— Мужик, ты откуда взялся? — поразился Владимир, косясь на закрытую дверь.
— Оттуда, — признался я честно, показывая на потолок.
— Нет, своей смертью я не помру. Разбейся, сердце, молча затаимся, — произнес он в пространство характерным голосом с хрипотцой, одним махом допивая чай. — В уме нечутком не место шуткам. Автограф хочешь?
Книгу воспоминаний о Высоцком, чтобы раскрыть ее по желтой закладке, с собой я не захватил. Надеюсь, для этого еще будет время. А современники издали мемуаров достаточно, после смерти артиста друзей у него обнаружилась множество, просто тьма-тьмущая.
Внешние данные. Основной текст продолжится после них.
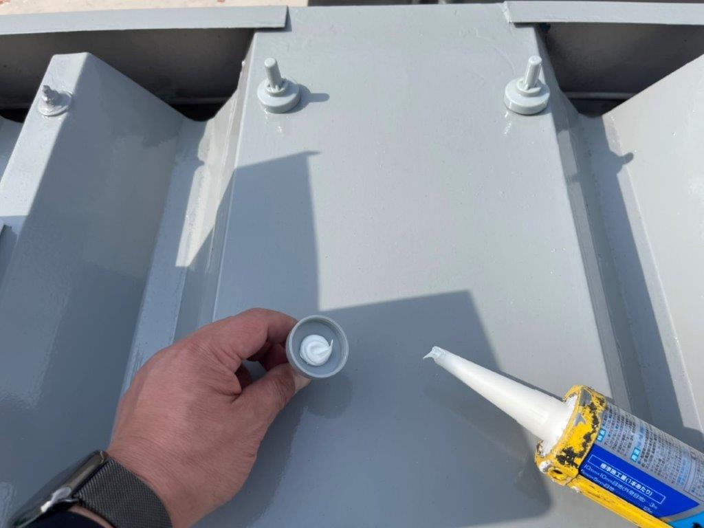 屋根のボルトキャップ取付・上塗り塗装(2回)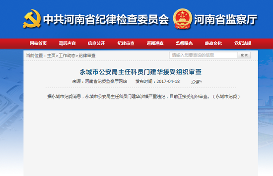 中國經濟網北京4月18日綜合報道 據河南永城市紀委消息,永城市公安局主任科員門建華涉嫌嚴重違紀,目前正接受組織審查。(永城市紀委)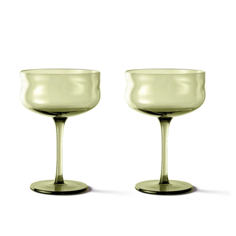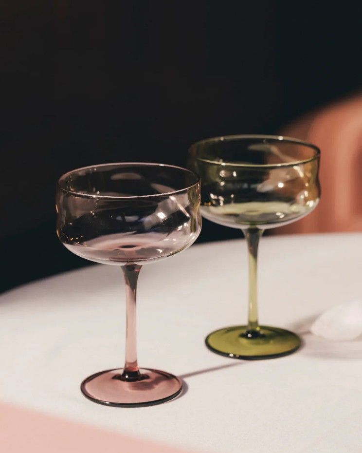 De Swirl Champagne coupen van Paveau, elegante glazen die comfortabel in de hand liggen.

Зато я прихватил катушку магнитофонной ленты — с теми песнями, которые он еще не написал.
— Хочешь послушать новые песни Высоцкого? — сделал я встречное предложение, от которого он не смог отказаться.
В свое время, будучи школьником, я гонялся за записями кумира, мало чем отличаясь от сверстников. Высоцкого слушали многие, и слышали даже те, кто этого избегал. Высоцкого любили, боготворили, проклинали и не понимали. С одной стороны — «врун, болтун и хохотун», с другой стороны — великий артист. Его затирали и задвигали, стихи подвергались жесткой критике, а мелодии — публичному осмеянию. Официальное признание пришло к нему после смерти, что для таких людей является обычным делом.
— «Мы успели, в гости к богу не бывает опозданий», — пробормотал Владимир после прослушивания ленты. — Черт побери, ты не врешь. Это мои мысли.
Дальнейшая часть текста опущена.